Dani do Book Galaxy 27/12/2018Ficção científica pura e incrívelEm "Pedra no Céu", primeiro romance de Asimov, o autor estabelece o universo do modo como o veremos na trilogia da Fundação - em um futuro onde o Espaço não é mais um lugar desconhecido e inóspito; suas milhares de nações intergalácticas se uniram sob o mesmo Império Galáctico. Apesar de cada sociedade seguir suas próprias tradições e costumes, todas estão sob a mesma juridição do Império e devem seguir algumas regras universais.
[A Pedra no Céu]
Neste cenário, o planeta Terra se tornou um planeta marginal, abandonado, com suas terras inutilizadas por radiação. A população de bilhões de terráqueos foi reduzida a poucos milhões, e com uma tradição aterradora para o controle populacional - todos os terráqueos devem ser executados ao chegar aos 60 anos de idade.
"Para o resto da Galáxia, se é que notam nossa existência, a Terra é apenas uma pedra no céu. Para nós é o nosso lar, e o único lar que conhecemos. No entanto, não somos diferentes de vocês dos mundos siderais; somos apenas mais desafortunados. Estamos apinhados em um mundo morto, imersos entre paredes de radiação que nos prendem, cercados por uma imensa Galáxia que nos rejeita. O que podemos fazer contra o sentimento de frustração que nos consome?"
Dessa forma, os terráqueos são sinônimo de um subpovo - o preconceito que gira em torno da nossa raça é observado nas personagens que são "forasteiros" (ou seja, que não são terráqueos) de uma forma intrínseca e arraigada, da mesma forma que muitos povos hoje olham para outros e se julgam superiores.
Até mesmo Bel Arvardan, uma das personagens principais, que é arqueólogo e tem uma curiosidade acadêmica sobre os terráqueos, carrega uma bagagem de preconceito arraigado em sua mente.

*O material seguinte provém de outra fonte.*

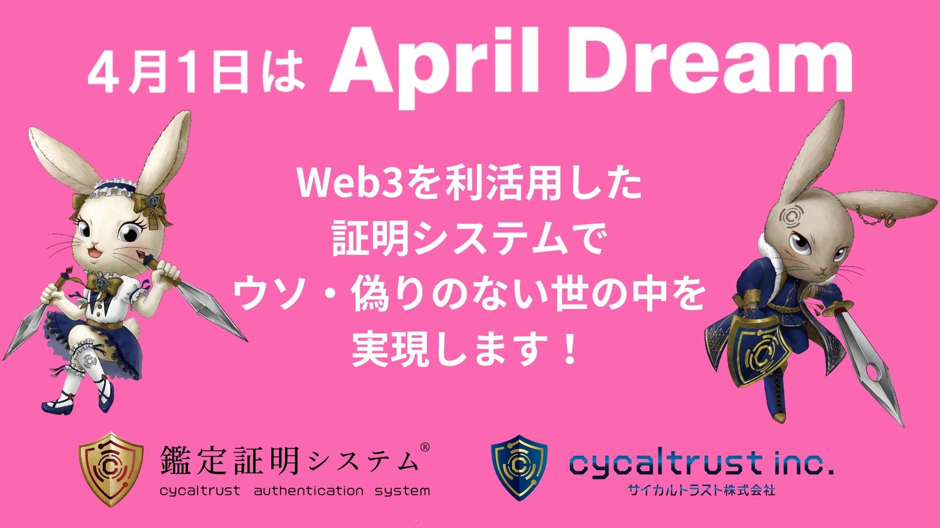 当社は、4月1日を夢を発信する日にしようとするApril Dreamに賛同しています。このプレスリリースはサイカルトラスト株式会社の夢です。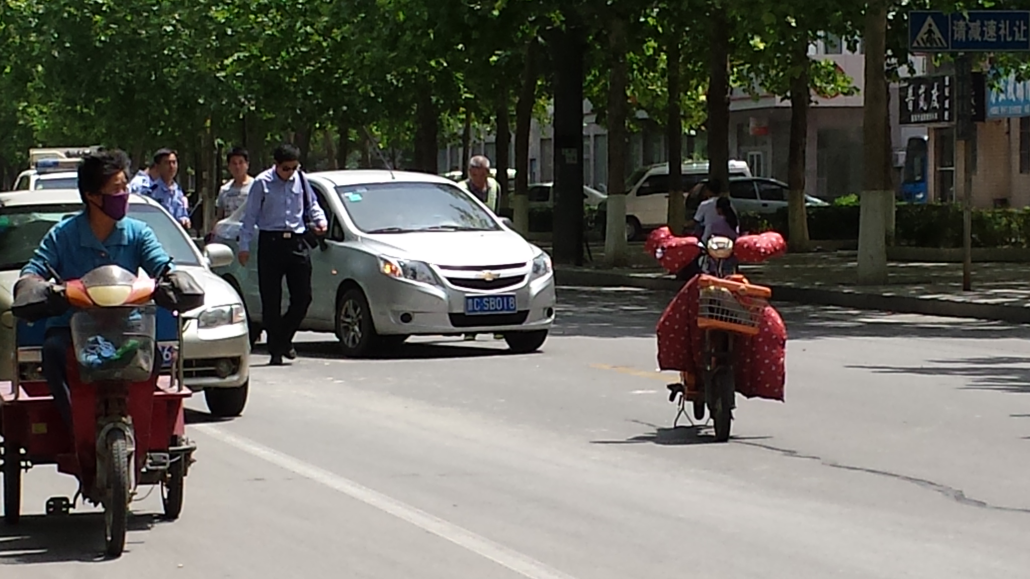 撞电动车了。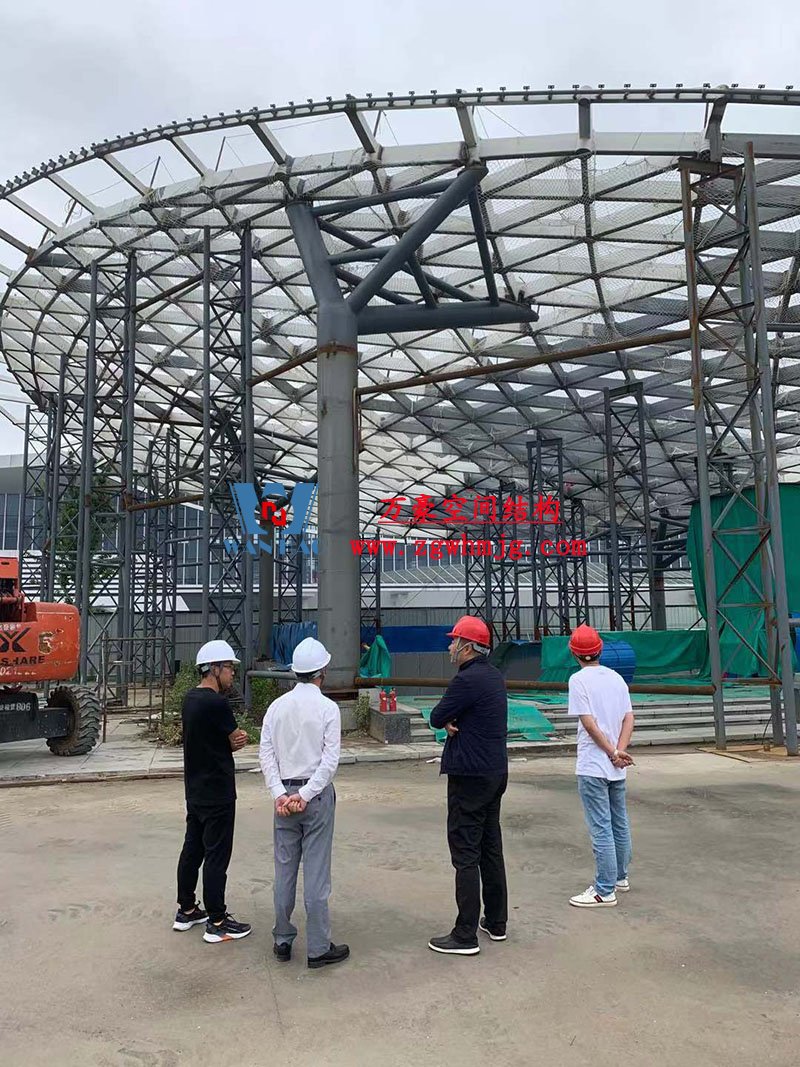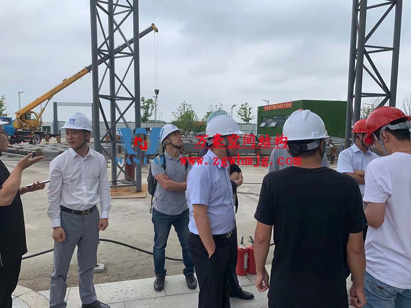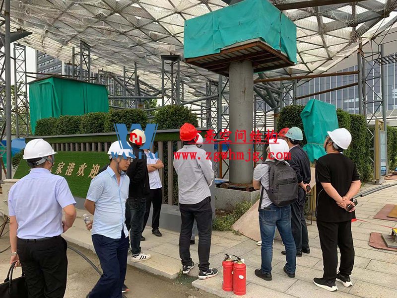 近日,萬豪總經理張總突擊張家港高鐵站前大蝴蝶景觀膜結構工程施工現場。經業主、設計院、總包、監理等各部門討論,首個蝴蝶翅膀卸載支撐一致達成意見,進入第二階段的二次結構及拼裝與吊裝過程。

[Os terráqueos e o preconceito]
"Contudo, não dava para negar que sempre teria consciência do fato de que um terráqueo é um terráqueo. Ele não podia evitar. Esse era o resultado de uma infância imersa em uma atmosfera de intolerância tão completa que era quase invisível, tão absoluta que seus axiomas eram aceitos como uma segunda natureza."
Mesmo após conhecer Pola, uma terráquea inteligente, bela e corajosa, esses preconceitos ainda moram no fundo da mente de Arvardan. E essa questão de relações intergalácticas - ou até mesmo interraciais - é aprofundada e analisada do ponto de vista das personagens, nos fazendo refletir sobre como isso acontece ainda nos dias atuais. Aliás - como isso AINDA continuará acontecendo, já que estamos lendo algo que se passa no futuro.
[Viagem no tempo e questões políticas]
Além dos aspectos sociais maravilhosamente abordados por Asimov, temos também temas clássicos de ficção científica, como viagem no tempo, vivenciada por um simpático alfaiate aposentado. Schwartz vivia tranquilamente em Chicago quando um dia simplesmente se viu nessa nova Terra inóspita, diminuída em sua importância para uma simples pedra radioativa flutuando no céu do Império Galáctico.
A viagem no tempo de Schwartz foi o que desencadeou diversos acontecimentos que levarão a uma trama envolvendo traição, costumes das sociedades e muita política. Incrível como Asimov consegue ser tão à frente de seu tempo e completamente contemporâneo, tendo escrito esse romance na década de 1950.
Algumas personagens desse centro político da trama - como o secretário do primeiro ministro, figura marcante - são estereótipos incrivelmente bem aproveitados e construídos.
Em "Pedra no Céu", temos política, questões sociais e ficção científica entrelaçadas em um enredo dinâmico que não dá para largar, culminando em um desfecho redondo e bem definido, sem pontas soltas.
Assim como a trilogia da Fundação, esse livro de Asimov é um exemplar puro do melhor da ficção científica e sempre será, em qualquer década em que o leitor resolver lê-lo.